Мы знаем по свидетельству очевидцев, какие ни с чем не срав­нимые страдальческие муки испытывала в течение двух суток Наталья Николаевна после того, как верный дядька Пушкина внес на руках смертельно раненого поэта в дом, знаем, как до самой последней минуты не верила, не хотела, не могла верить, что он неизбежно умрет. А когда это сершилось, ее моральные и физические мучения по своей нестерпимой силе явились своего рода параллелью нестерпимым предсмертным мукам самого поэта. «Несчастную жену с большим трудом спасли от безумия, в которое ее, казалось, неудержимо влекло мрачное и горькое отчаяние», - писала одна из блистательнейших представительниц петербургского великосветского общества Д.Ф.Фикельмон, жена австрийского посла, хозяйка вместе с ее матерью, дочерью Кутузова, Е.М.Хитрово, виднейшего политического салона столицы, близкая приятельница Пушкина, относившаяся еще при жизни поэта с несомненной симпатией, хотя тоже несколько свысока, к его молодой красавице жене и со столь же, как видим, сочувствием к постигшему ее страшному горю и состоянию, в которое она была им повергнута. Стоит, кстати, еще раз напомнить, что Вересаев, а затем и Анна Ахматова даже это состояние ставили ей в вину. И здесь они тоже следовали укоренившейся традиции, не только еще больше гиперболизируя ее, но и прямо доводя порой ad absurdum.  «Если она и убита горем, то это будет ни долго, ни глубоко», - писала (одно из характернейших свидетельств полного непонимания натуры Натальи Николаевны современниками) Е.А.Карамзина-мать сыну о вдове поэта всего пять недель спустя после его кончины, добавляя, что «бедный Пушкин» вообще должен был бы выбрать себе жену «более подходящую его уровню». А в том же материнском письме дочь, С.Н.Карамзина, пошла еще дальше, призывая брата «успокоиться» за состояние «Ундины, в которую еще не вдохнули душу»: «Ужас отчаяния, под бременем которого, казалось бы, она должна была пасть, умереть или сойти с ума, всё это оказалось столь незначительным, столь преходящим и теперь уже совершенно утихло!» На самом деле «всё» происходило абсолютно не так.

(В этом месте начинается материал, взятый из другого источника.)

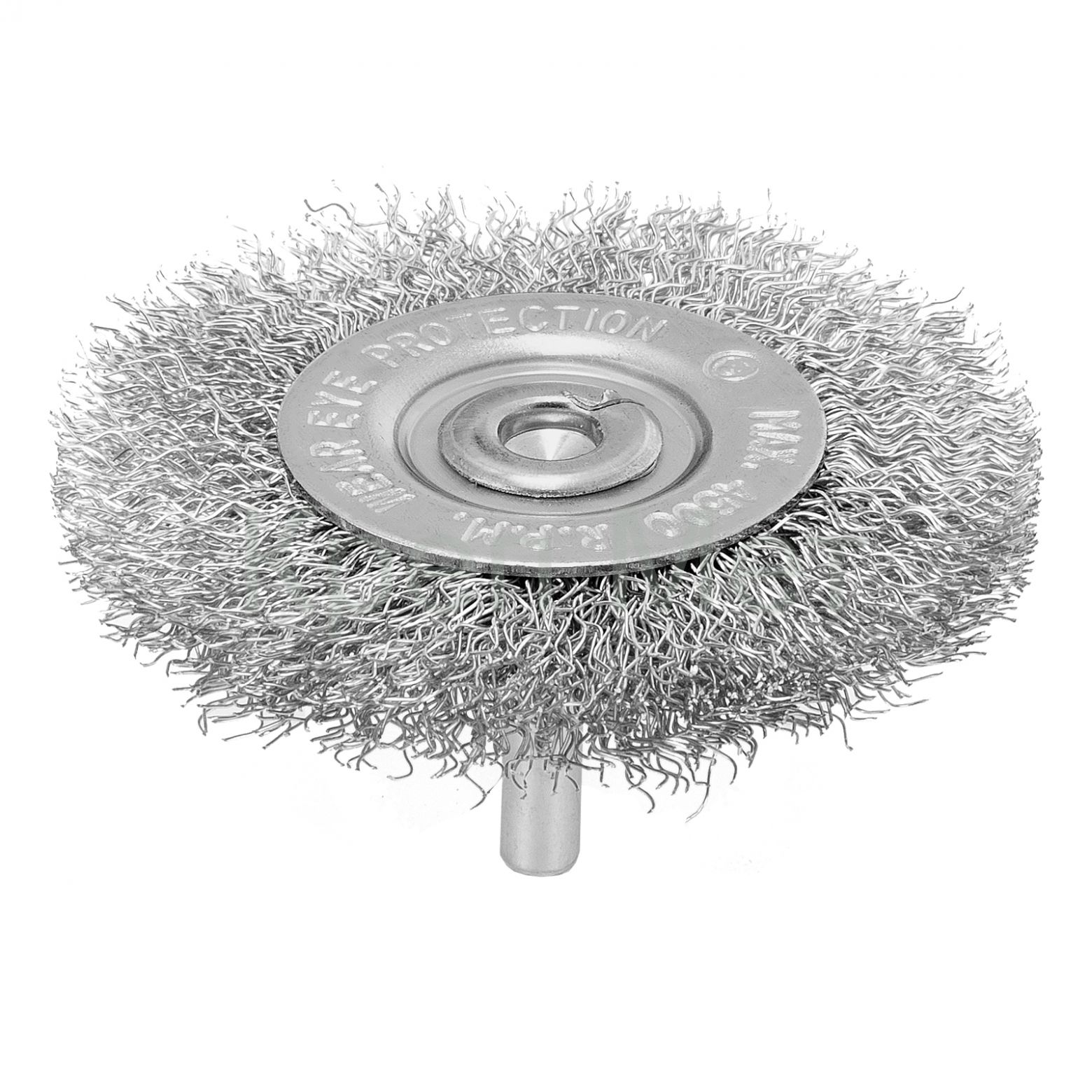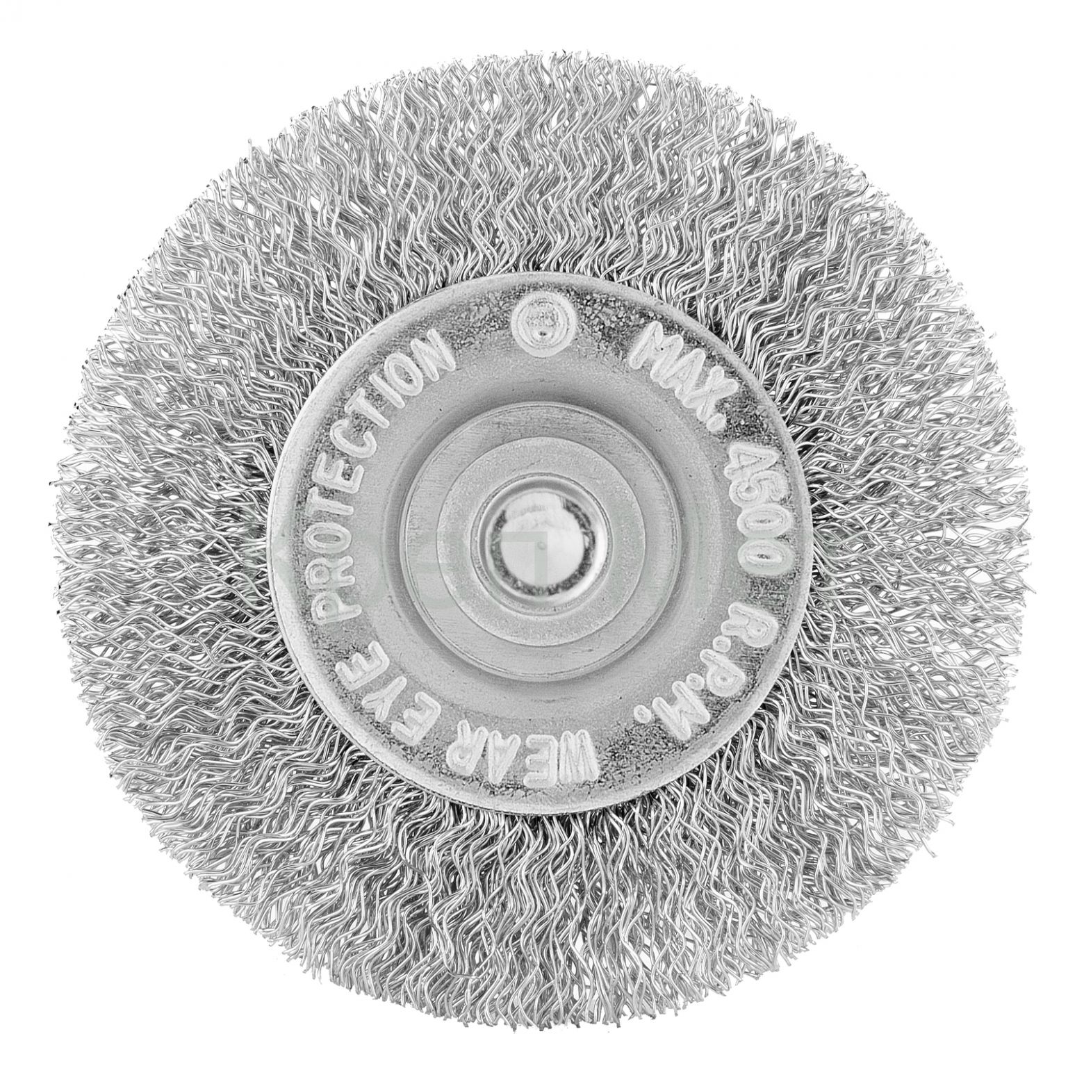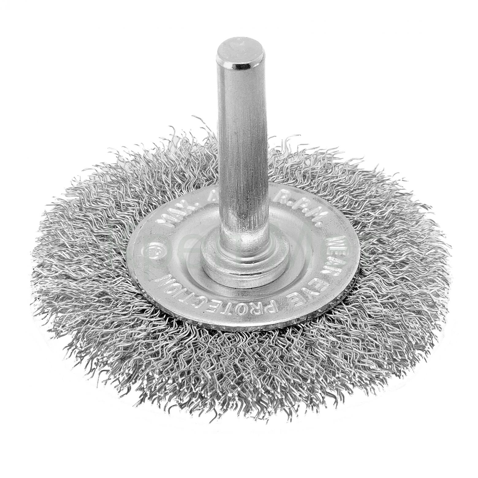 Плоская щетка для дрели Сибртех 744467 диаметром 60 мм, со шпилькой и щетиной из витой проволоки 0,3 мм, используется для щадящей обработки металлических, деревянных и пластиковых поверхностей. Удаляет загрязнения, ржавчину, старые лакокрасочные покрытия. Благодаря плоской форме щетка идеально подходит для очистки труднодоступных мест, пазов, изгибов, внутренних углов. Хвостовик диаметром 6 мм устанавливается в патрон дрели. Рекомендуемая скорость вращения 4500 об/мин. Во время работы следует использовать средства индивидуальной защиты. Щетку применяют во время строительства, ремонта, а также в быту.
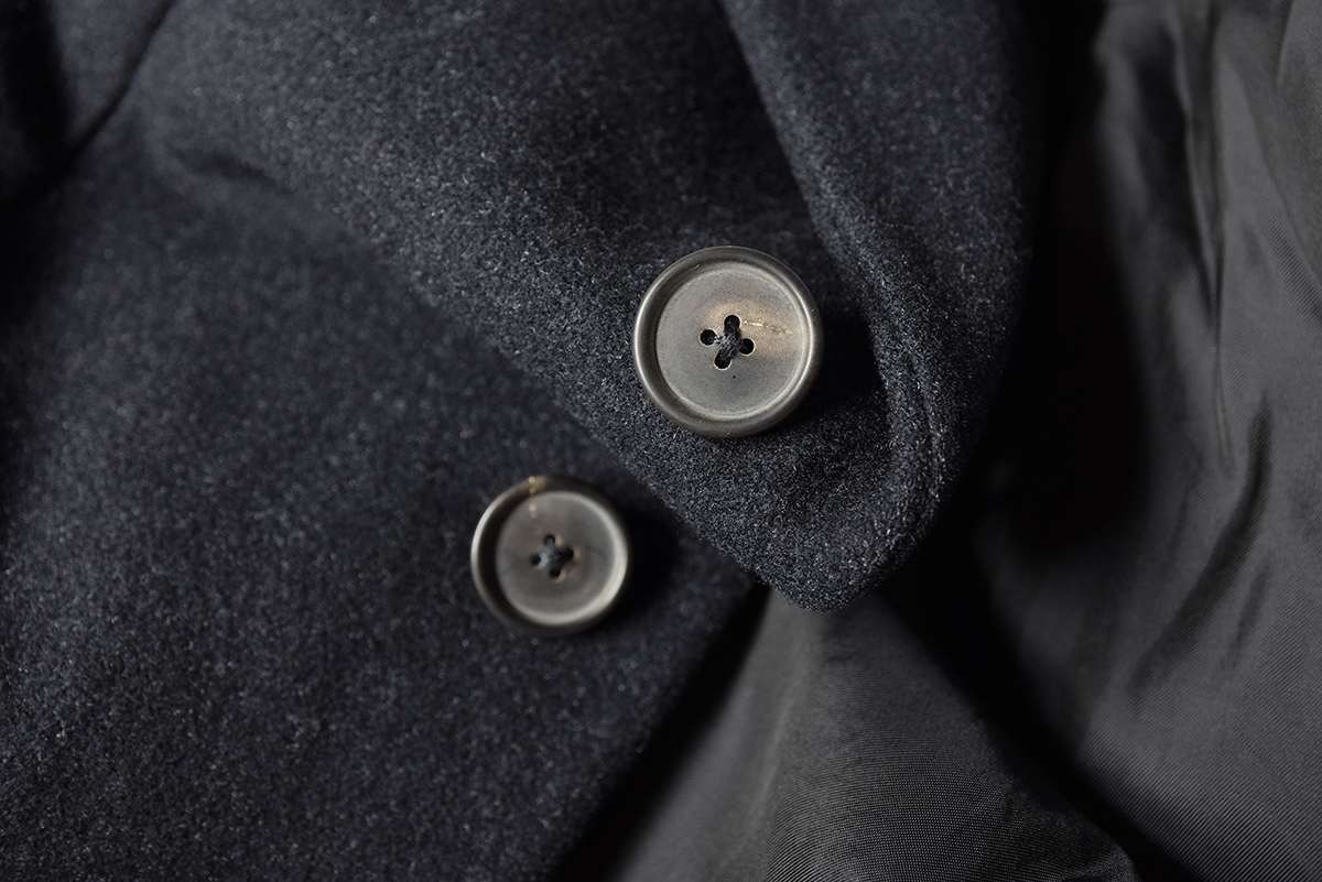 ややワイドなピークドラペルから繋がる比翼仕立てのバランスが現代的で均衡のとれたプロポーションが際立ちます。
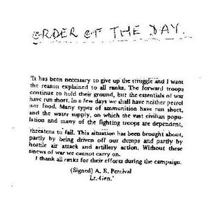 Although our defence was sturdy we were running out of the sinews of war. Also, apart from a comparatively small amount of water in the MacKitchie Reservoir, the main water supply to the island came from the mainland and was, therefore, in Japanese hands. The significance of these factors is reflected in Lt General Percival’s Order of the Day, as shown at the start of my entry.
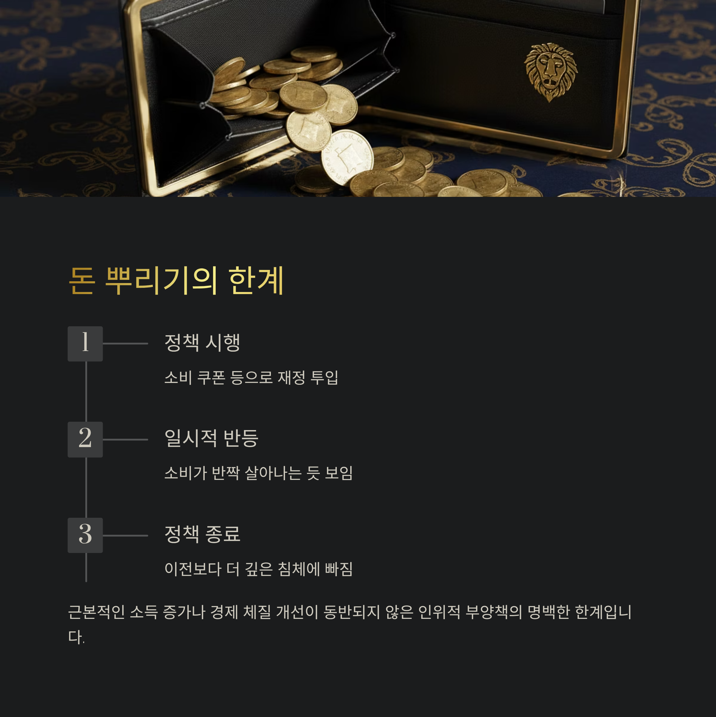 정부가 소비 쿠폰 등으로 시중에 직접 돈을 푸는 정책은 이미 그 한계가 명확히 드러났습니다.
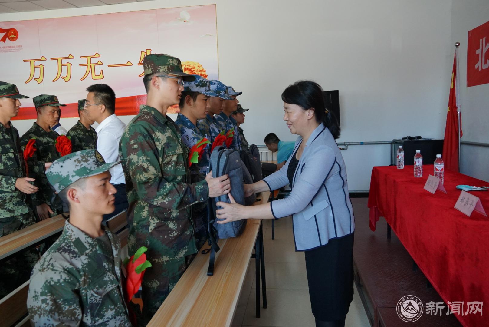 9月9日下午,受学校征兵工作领导小组委托,校党委副书记田红芳带领学校武装部及部分学院老师,赴昌平区某军训基地为bat365即将入伍的学生送行,并赠送纪念品。
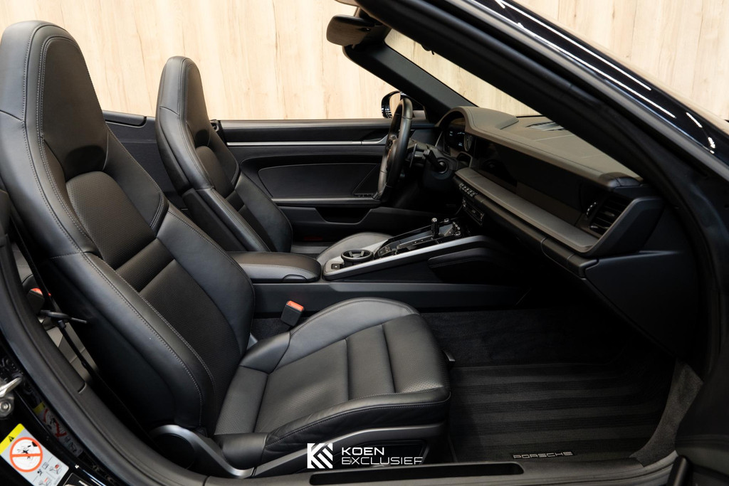 Mooi complete en tijdloze Porsche 992 Carrera S Cabriolet in zwart / zwart / zwart. Zwarte lak, zwarte cabriokap en zwart leder interieur.
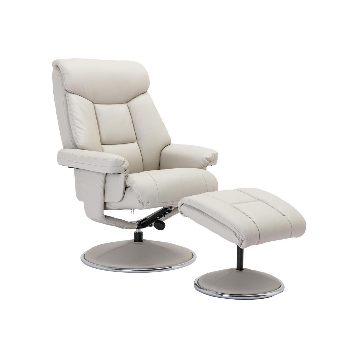 Cool contemporary good looks with cocooning, reclining comfort. The Bruges swivel recliner chair with footstool looks and feel so good, you won’t believe the price. Why you’ll love it High-backed, deeply supportive comfort. Clean lined contemporary style. The compact scale suits smaller spaces. Soft-touch faux leather upholstery looks and feels like real leather. In a choice of chic, sophisticated shades. Sumptuous headrest, winged back cushions, wraparound arm cushions. ‘Easy twist’ handle operates the manual recliner. Chair and footstool have round upholstered bases with a chrome trim. What you need to know Strong metal frame. Resilient foam and fibre cushioning. Some fabrics can show wear on areas of more use or in direct sunlight. Smoothing seat cushions prevents ‘puddling’. Please read our upholstery care guide for more advice. Allow time for recliners to settle. Minor gaps for motion vary by floor type. Manual recliners may feel stiff at first, but will ease with use.
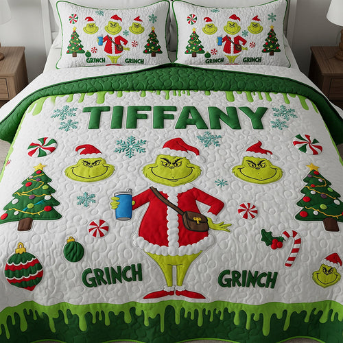 "Spread Holiday Cheer!" - Personalized Grinch Quilt Bed Set - Custom Christmas Gift for Movie Lovers  - Regular price
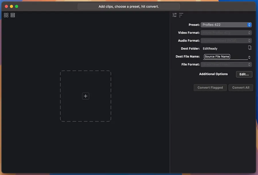 在 macOS 上使用 EditReady 的体验简洁流畅。软件启动迅速,UI 界面直观易用,支持拖拽素材文件到主窗口即可开始设置。用户可快速选择输出格式、码率、颜色空间转换等预设,并可对批量文件应用统一配置。Apple Silicon 优化让高分辨率素材(如 4K/8K ProRes)处理速度显著提升,同时占用资源低,不影响其他程序运行。程序还支持实时预览与校验剪辑决策,帮助用户直观判断输出效果,高效衔接后续剪辑工具。
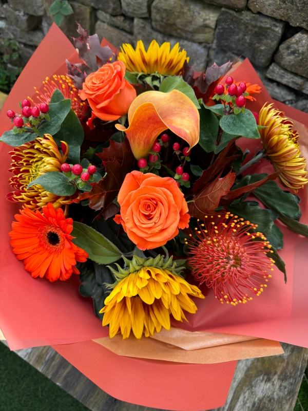 A beautiful, seasonal bouquet consisting of Sunflowers, Roses, Calla Lillies, Nutans, Berries, Blooms and berries with seasonal foliages.
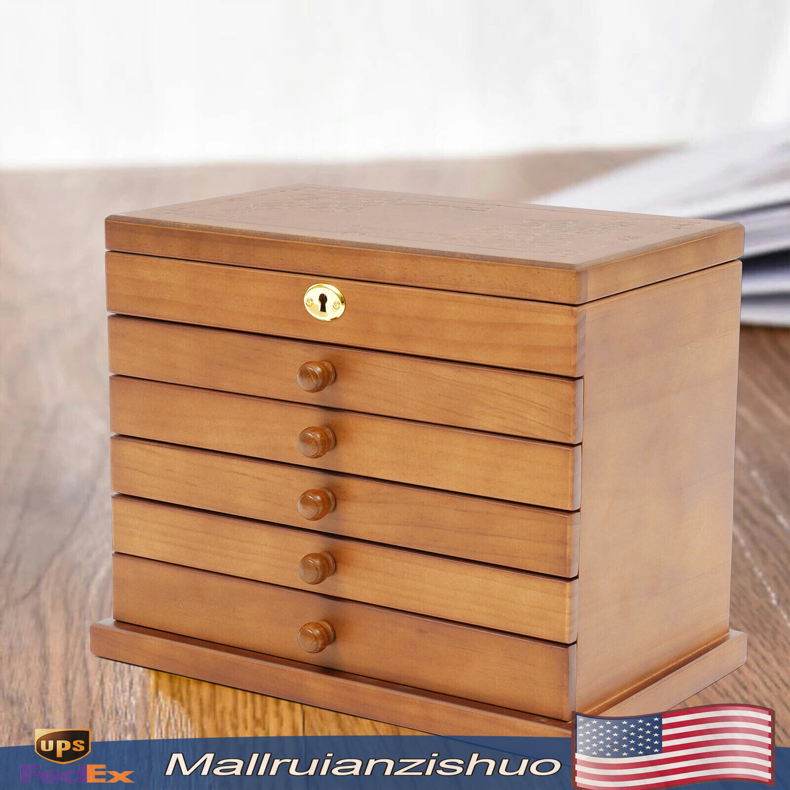 Jewelry Box Wood for Wowen 6-Layer Large Organizer Box with Mirror & 5 Drawers Description Is your jewelry often placed in a cluttered manner and can not be found? Do you have too much jewelry without a big enough storage box? If you answered yes to these questions, then you should not miss this six-layer jewelry box. The six-layer storage design allows you to store many different kinds and sizes of jewelry. The 4-leaf clover carving on the surface and the wooden material make this jewelry box more vintage and elegant, which not only helps to store but also can be used as a decorative piece in your home. Key Features High-quality Material: The jewelry box is made of MDF and wood with veneer and painting, which is not only very durable but also good-looking. The interior is lined with soft velvet fabric, which can ensure your jewelry will not be scratched and crushed. Large Capacity: This jewelry box has a built-in mirror and 6 drawers. Each drawer is designed in different sizes to store many different kinds and sizes of jewelry. High-definition Mirror: The mirror inside the jewelry box is very high-definition and can be used directly to wear jewelry without having to buy additional mirrors. Usually, you can also use it as a makeup mirror, which is very practical and convenient. Elegant Design: This item is made of classical wood with a four-leaf clover carving pattern on the surface. All these unique designs make this jewelry box look more elegant and chic. Combine at Will: All these drawers are removable. You can recombine and place each layer according to your needs and habits. Full Pull-out Drawer: The drawer of this jewelry box is a full pull-out design, which can display all the jewelry and make it more convenient for you to get it. Ideal Gift: This jewelry box has a unique design with a beautiful appearance and a large capacity with practical features. It is an ideal gift for Valentine's Day, Mother's Day, Thanksgiving, Christmas, birthday, and weddings. Fine Workmanship: From the smooth surface to the soft lining and even the sturdy latches and hinges, giving you a better sense of user experience. Details Velvet Fabric: The lining of this jewelry box is made of soft, high-quality velvet fabric that is comfortable to the touch. It can protect your jewelry well from being crushed and scratched. Safety Latch: The safety latch on the lid is designed to keep all drawers and the cabinet securely locked. This will protect your rings, earrings, necklaces, watches, and other jewelry accessories. Compartments: Each layer is divided into different sizes of compartments. You can store different kinds or sizes of jewelry separately so that you can pick and place them clearly. Application This jewelry box can be used to store pendants, bracelets, brooches, necklaces, rings, earrings, and other larger jewelry. Specifications Colors: Brown Layer: 6 Layers Types: with Mirror Material: MDF+Wooden+Velvet Lock: Key Lock Product Size: 29.5*18.5*25cm/11.61*7.28*9.84inch The First Drawer Size: 28*15.7cm/11.02*6.18inch The Second Drawer: 8 Slots / Each Size: 6.5*7cm/2.55*2.75inch The Third Drawer: 6 Slots / Each Size: 8.5*7cm/3.34*2.75inch The Fourth Drawer: 4 Slots / Each Size: 13*7cm/5.11*2.75inch The Fifth Drawer: 3 Slots / Each Size: 8.5*14.7cm/3.34*5.78inch The Sixth Drawer: 1 Slot / Size: 26.4*14.7cm/10.39*5.78inch Net Weight: 2.5kg/5.51 lbs Package Included 1* Wooden Jewelry Box 1* Key Notes We aim to provide quality products and services. If you have any problems, please feel free to contact us. We will reply and solve the problem for you as soon as possible. Please allow the slight color difference caused by the shooting light and 1-3cm error due to manual measurement, and make sure you do not mind before you order. Payment Delivery details Terms of sales About us Contact us Payment We accept ebay payment 。 Fees such as import duties, taxes are not included in the item price or shipping costs. These charges are the buyer's responsibility. Delivery details Shipping: 2-9 working days to: USA Terms of sales We maintain high standards of excellence and strive for hundred percent customer satisfaction. Feedback is very important to us. We hope that you contact us immediately before you give neutral or negative feedback, so that we can address your concerns. It is impossible to address issues if we do not know about them! About us Your satis faction is our ultimate goal. We work hard to earn your trust and future business. Our certified technicians have tested each item before shipping. The unit comes with 1 year limited warranty on all manufacturing defects. a) If you receive a defective item, you may return it or ask for a discount. Please contact us within 14 days after you receive the package. b) What you returned must be intact and in its original packaging as re? u. Customer is responsible for shipping costs of the returned item. c) We will cover the cost of shipping back t with the shipping rate indicated in the registration page. We will send you a new unit or refund the full payment you paid. Thank you. Contact us Business Hour Business Hour: Monday To Friday: 8:30 AM to 5:00 PM (Beijing China time) Due to time zones, our reply to your questions may not be immediately. But within above working time, we will reply your email within 24 hours. If it's non-workdays, please kindly be patient and wait till Monday. Please contact us with ebay message. Please feel free to contact us if you have any questions. Monday To Friday: 8:30 AM to 5:00 PM (Beijing China time) Due to time zones, our reply to your questions may not be immediately. But within above working time, we will reply your email within 24 hours. If it's non-workdays, please kindly be patient and wait till Monday. Please contact us with ebay message. Please feel free to contact us if you have any questions. shipping notice Can not ship to Puerto Rico,Alaska/Hawaii Brand Unbranded Material MDF+Wooden Type with mirror Lock Key lock Color B
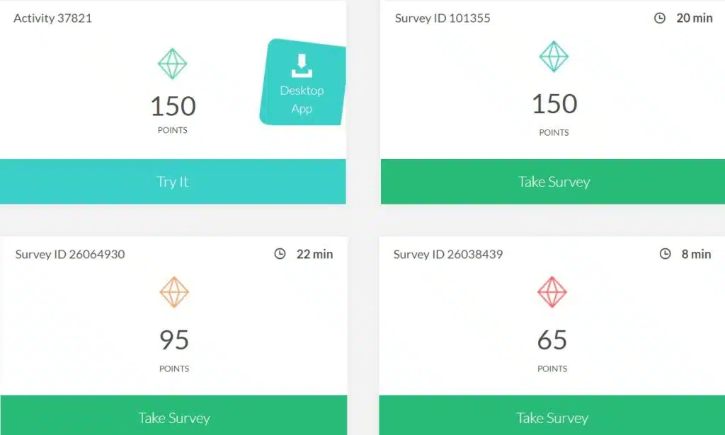 Once your account is set up, you’ll be shown an array of surveys you can qualify for, with varying levels of points assigned to each. Fortunately, each survey you take clearly displays how many points you can earn, so you can decide if it’s worth it. Most surveys also have an estimated time for completion listed, which is another metric you can use to decide which surveys to take.
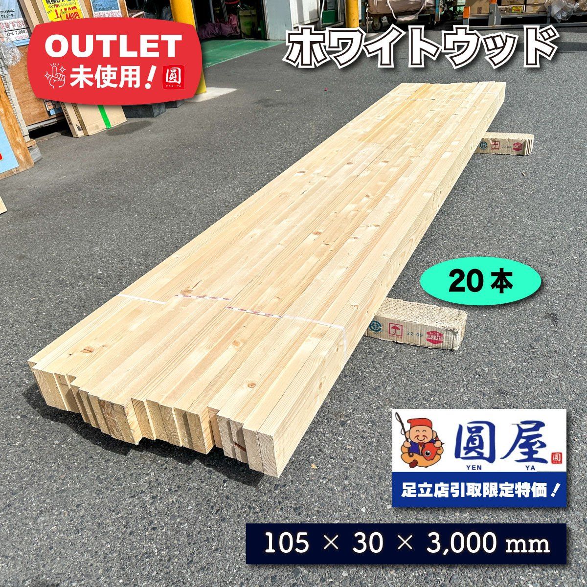 《東京足立店引取り限定特価》ホワイトウッド 角材 105×30×3000mm 20本セット【未使用アウトレット品】
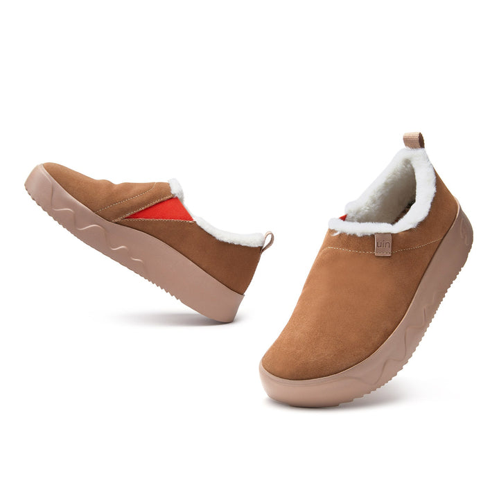 The cow suede fabric has a great texture, creating an elegant appearance of the shoe body. Moreover, its good air permeability ventilates your feet while walking. The fabric is resistant to wear and tear. Plus, it'll keep you cozy in colder climates.

Прежде всего необходимо - дополнительно к публикуемым материалам - обратить внимание на словно бы небольшую, но очень значительную деталь. Известно, как ненавидел и презирал Пушкин то придворное звание, которым неожиданно наградил его царь, и тот камер-юнкерский мундир, в котором он обязан был появляться на придворных церемониях (за нарушение подчас этого этикета он получал от царя выговоры) и в котором, в случае его смерти, должен был быть положен в гроб. «Умри я сегодня, что с Вами будет? Мало утешения в том, что меня похоронят в полоса­том кафтане, и еще на тесном Петербургском кладбище», — с горь­ким сарказмом писал он жене в 1834 году. Но несмотря на то ужас­ное состояние, в котором находилась его вдова, она настояла, что­бы его положили в гроб в обычном костюме. Никакой демонстра­ции, тем более «политической» (хотя царь — вероятно, по подска­зу того же Бенкендорфа — воспринял это именно так) не было. Это был просто душевный порыв, еще раз свидетельствующий об ее любви и преданности мужу, вызванный стремлением выполнить и это его, может быть, и прямо устно высказывавшееся им, а возмож­но, лишь угадываемое по только что приведенной, но крепко за­помнившейся цитате из давнего письма (и тогда это еще одно подверждение ее тончайшей женственной чуткости) желание мужа не лежать хотя бы мертвым в  «полосатом кафтане».